BRIEF DESCRIPTION OF THE DRAWINGS [031] The accompanying drawings, which are incorporated in and
constitute a part of this disclosure, illustrate exemplary embodiments and, together
with the description, serve to explain the disclosed principles:
[032] FIG. 1 depicts an exemplary system for classifying images for
privacy with interpretable textual explanation, in accordance with an embodiment
of the present disclosure.
[033] FIGS. 2A and 2B depict an exemplary high level block diagram of
the system of FIG. 1 for classifying images for privacy with interpretable textual
explanation, in accordance with an embodiment of the present disclosure, in
accordance with an embodiment of the present disclosure.

[034] FIG. 3 depicts an exemplary flow chart illustrating a method for classifying images for privacy with interpretable textual explanation, using the systems of FIGS. 1-2B, in accordance with an embodiment of the present disclosure.

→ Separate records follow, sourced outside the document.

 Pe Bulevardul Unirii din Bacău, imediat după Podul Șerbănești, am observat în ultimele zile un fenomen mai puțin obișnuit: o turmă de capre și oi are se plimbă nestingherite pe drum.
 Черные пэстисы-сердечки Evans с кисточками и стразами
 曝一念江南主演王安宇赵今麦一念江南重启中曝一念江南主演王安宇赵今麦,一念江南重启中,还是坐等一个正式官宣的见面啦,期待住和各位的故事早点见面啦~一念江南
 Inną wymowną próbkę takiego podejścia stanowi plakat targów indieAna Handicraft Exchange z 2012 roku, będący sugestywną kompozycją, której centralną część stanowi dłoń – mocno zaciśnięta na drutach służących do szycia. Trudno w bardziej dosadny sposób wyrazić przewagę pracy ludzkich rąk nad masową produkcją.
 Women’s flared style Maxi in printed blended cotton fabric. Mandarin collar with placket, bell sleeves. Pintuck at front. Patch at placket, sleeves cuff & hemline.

[035] FIGS. 4A through 4C depict classified images with an associated interpretable textual explanation, in accordance with an embodiment of the present disclosure.

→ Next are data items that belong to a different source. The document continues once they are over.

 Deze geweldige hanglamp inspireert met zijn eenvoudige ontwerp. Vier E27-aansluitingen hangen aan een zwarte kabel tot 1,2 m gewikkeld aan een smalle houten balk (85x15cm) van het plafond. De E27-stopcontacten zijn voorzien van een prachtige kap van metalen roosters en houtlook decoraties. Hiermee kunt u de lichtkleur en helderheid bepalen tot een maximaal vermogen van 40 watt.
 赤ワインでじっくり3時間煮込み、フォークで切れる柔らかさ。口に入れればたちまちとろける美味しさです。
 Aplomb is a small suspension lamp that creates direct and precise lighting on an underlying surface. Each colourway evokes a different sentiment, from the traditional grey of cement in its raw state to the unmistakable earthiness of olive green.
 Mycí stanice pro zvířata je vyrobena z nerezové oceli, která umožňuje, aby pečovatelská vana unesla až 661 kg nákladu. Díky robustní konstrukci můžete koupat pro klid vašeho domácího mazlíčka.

[036] FIGS. 5A through 5D depict classified images with an associated interpretable textual explanation based on user feedback, in accordance with an embodiment of the present disclosure.
[037] FIGS. 6A through 6D depict classified images with an associated interpretable textual explanation based on user feedback, in accordance with an embodiment of the present disclosure.

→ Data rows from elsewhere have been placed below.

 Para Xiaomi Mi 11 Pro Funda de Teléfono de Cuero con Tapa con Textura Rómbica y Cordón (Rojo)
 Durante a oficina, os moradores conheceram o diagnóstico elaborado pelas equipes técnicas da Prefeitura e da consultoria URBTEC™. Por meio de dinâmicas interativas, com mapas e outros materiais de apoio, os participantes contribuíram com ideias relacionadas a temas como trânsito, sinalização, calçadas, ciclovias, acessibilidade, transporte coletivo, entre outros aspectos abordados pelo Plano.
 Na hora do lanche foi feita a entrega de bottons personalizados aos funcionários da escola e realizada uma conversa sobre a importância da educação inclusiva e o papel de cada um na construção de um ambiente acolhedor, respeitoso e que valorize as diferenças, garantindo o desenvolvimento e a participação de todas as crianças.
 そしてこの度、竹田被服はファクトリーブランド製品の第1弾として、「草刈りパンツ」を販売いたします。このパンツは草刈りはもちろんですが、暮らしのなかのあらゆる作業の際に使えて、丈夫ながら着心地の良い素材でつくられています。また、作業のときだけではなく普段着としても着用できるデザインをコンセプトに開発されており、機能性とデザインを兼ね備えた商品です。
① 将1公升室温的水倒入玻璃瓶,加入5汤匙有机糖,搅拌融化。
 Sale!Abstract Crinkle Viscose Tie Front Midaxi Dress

DETAILED DESCRIPTION OF EMBODIMENTS [038] Exemplary embodiments are described with reference to the accompanying drawings. In the figures, the left-most digit(s) of a reference number identifies the figure in which the reference number first appears. Wherever convenient, the same reference numbers are used throughout the drawings to refer to the same or like parts. While examples and features of disclosed principles are described herein, modifications, adaptations, and other implementations are possible without departing from the scope of the disclosed embodiments.
[039] In today’s highly connected world, any content shared on the internet without appropriate privacy settings can adversely affect parties involved (e.g., individuals to entities such as corporations, small organizations, etc.). Serious concerns over mismanaged personal content have been shown and it is observed through studies that most users fail to take appropriate measures and do not protect the privacy of their data either due to lack of awareness or difficulties in managing privacy settings. Even users who proactively manage their privacy settings, at still at risk due to inaccurate representation of their judgement.

[040] Since, privacy preferences of individuals evolve over time and are usually dependent on location, culture, demography etc., such preferences can be only incorporated in appropriate system through user preferences or feedback collected at regular intervals. As per regulations and user policies, individuals and entities who are involved in processing and publishing data must take consent from the data owner (which could be implicit or explicit). Taking explicit consent along with individual preferences for the privacy can reduce the chances of information leakage of sensitive content.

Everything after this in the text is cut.